Thursday, May 28, 2009

Neuropsychology: Language and Brain

Paul Broca (1861), a French surgeon, found that injuries to the third left frontal convolution results aphasia. This is called Motor aphasia or Broca’s aphasia. Its localization in one hemisphere of the brain indicated that the brain did not behave equipotentially. Carl Wernicke (1848-1904) presented cases in which patients had lesions of the superior posterior part of the left hemisphere and had trouble comprehending language (Wernicke’s aphasia). This resulted in the idea that component processes of language were localized. On the basis of Wernicke's observations, the modern doctrine of component process localization and disconnection syndromes was begun. This doctrine states that complex mental functions, such as language, represent the combined processing of a number of subcomponent processes represented in widely different areas of the brain.
Jean Baptiste Bouilland highlighted the importance of the frontal lobes to speech and argued that since, writing, drawing and painting are performed by the right hand, then the left hemisphere controls these functions. In 1870, Gustave Theodore Fritsch and Eduard Hitzig (German Physicians) discovered that the neo-cortex was not only exitable by electrical stimulation but also selectively excitable. They found that selective stimulation of the anterior part of the brain in dogs elicited movement of particular body parts. Goltz argued, if these areas are important, then their removal would abolish the behaviour. He decorticated (removed the outer part of the brain) the dogs. But the functions were not abolished, but reduced.
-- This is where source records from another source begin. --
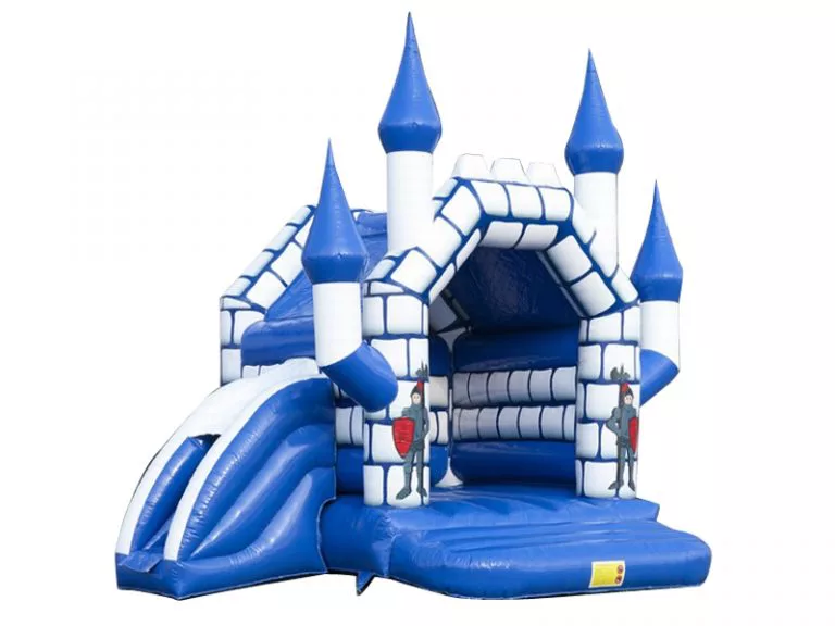 - Features a grand castle design with bright blue and white colours, punctuated by classic medieval towers and gallant knights.
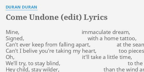 Duran duran come undone lyrics. Check spelling or type a new query. Maybe you would like to learn more about one of these? We did not find results for:
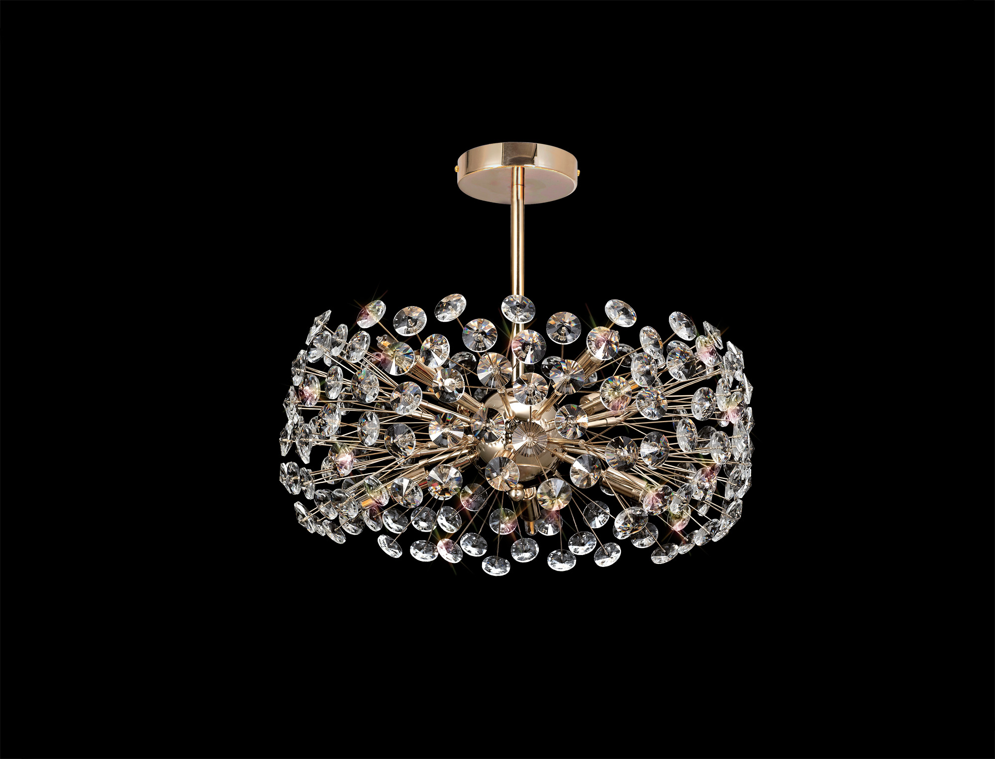 Fiesta 8 Light Semi Flush Pendant Gold/Crystal - 45 cm dimater (1230FIE106A)
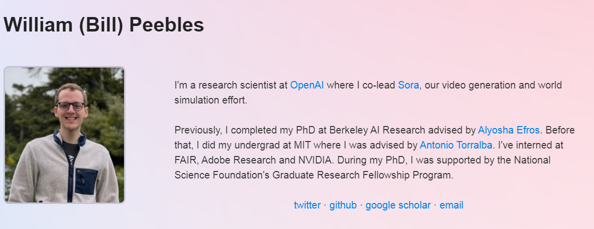 从年龄上来看,这支团队也非常年轻,两位研究负责人都是在2023年才刚刚博士毕业。William (Bill) Peebles于去年5月毕业,其与Saining Xie合著的扩散Transformer论文成为Sora的核心理论基础。Tim Brooks于去年1月毕业,是DALL-E 3的作者之一,曾在Google和英伟达就职。
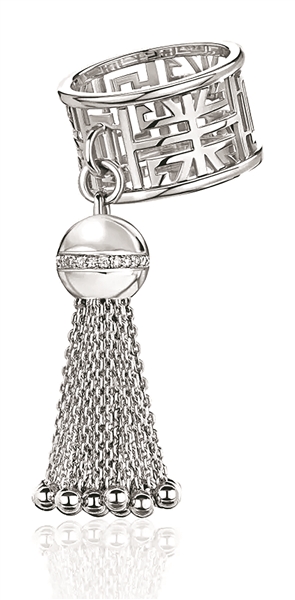 时尚博主任任告诉记者,此次“流苏”也超越波希米亚风情的点缀,成为塑造节奏、质感与情绪的核心媒介,被大规模、高密度地运用。从金属感枝叶流苏到球形夸张流苏,其摇曳形态打破了着装的静态规则,随模特步伐漾出迷人韵律。同时,“马蹄”元素也被升华为核心设计符码。明星彩妆师小斌表示,这一趣味造型为彩妆提供灵感,如Isabel Marant的简约吊坠与耳饰,精准诠释优雅与力量。小斌补充道:“眼妆或唇妆可借鉴镂空精髓,将胭脂色彩与碎钻结合,点缀高级质感。”
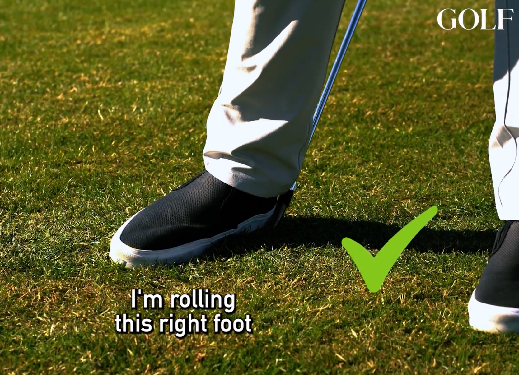 “Now we’ll do a couple little waist high, wayside practice swings. And what you’ll notice here is I’m rolling this right foot so that the right foot comes over to the left knee, and I’m not firing up onto the toe dropping the wedge.”
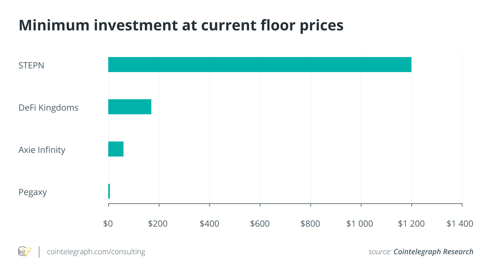 However, for the average Axie Infinity player, STEPN is not a cheap game to play. Sure, the cost of one Axie was, perhaps, a couple of hundred United States dollars in 2020, which translates to roughly $600 to build a team and start playing. But now the bottom price for an Axie is less than $20. With STEPN, on the other hand, the average floor price of a sneaker, according to Solana NFT marketplace Magic Eden, is 13.67 SOL, or roughly $1,400, at the time of writing. Compared to STEPN, other popular P2E games also don’t cost as much to start playing.
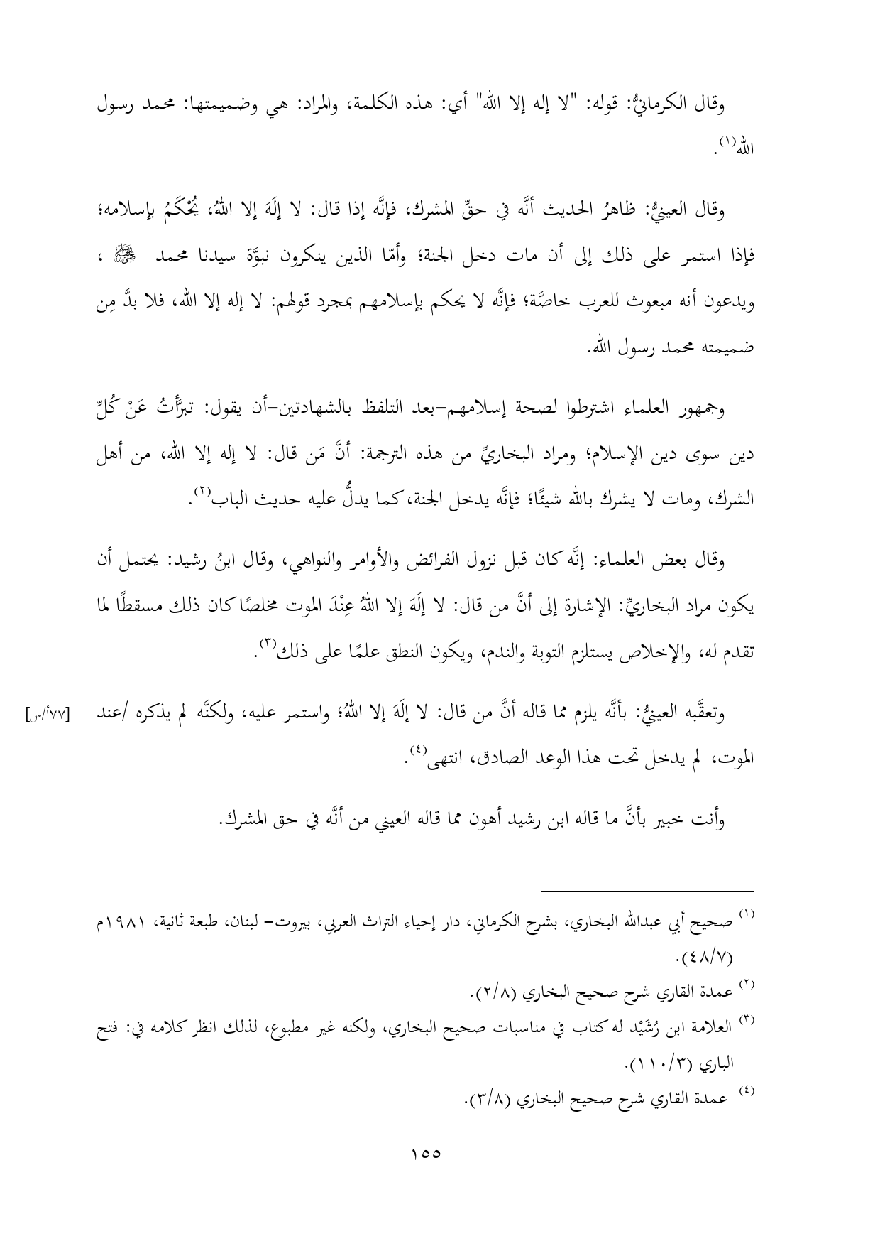 وجمهور العلماء اشترطوا لصحة إسلامهم-بعد التلفظ بالشهادتين-أن يقول: تبرَّأتُ عَنْ كُلِّ دين سوى دين الإسلام؛ ومراد البخاريِّ من هذه الترجمة: أنَّ مَن قال: لا إله إلا الله، من أهل الشرك، ومات لا يشرك بالله شيئًا؛ فإنَّه يدخل الجنة، كما يدلُّ عليه حديث الباب (¬٢).

On the basis of Goltz’s findings, John Hughlings Jackson, a British Neurologist, suggested that nervous system consisted of a series of layers organized in functional hierarchy, with higher level layers (the cerebral cortex) controlling more complex aspects of behaviour, and lower structure (spinal cord, medulla and pons) allowing lower-level functions. Jackson’s work in the field of focal epilepsy also localized sensory and motor function to particular brain region.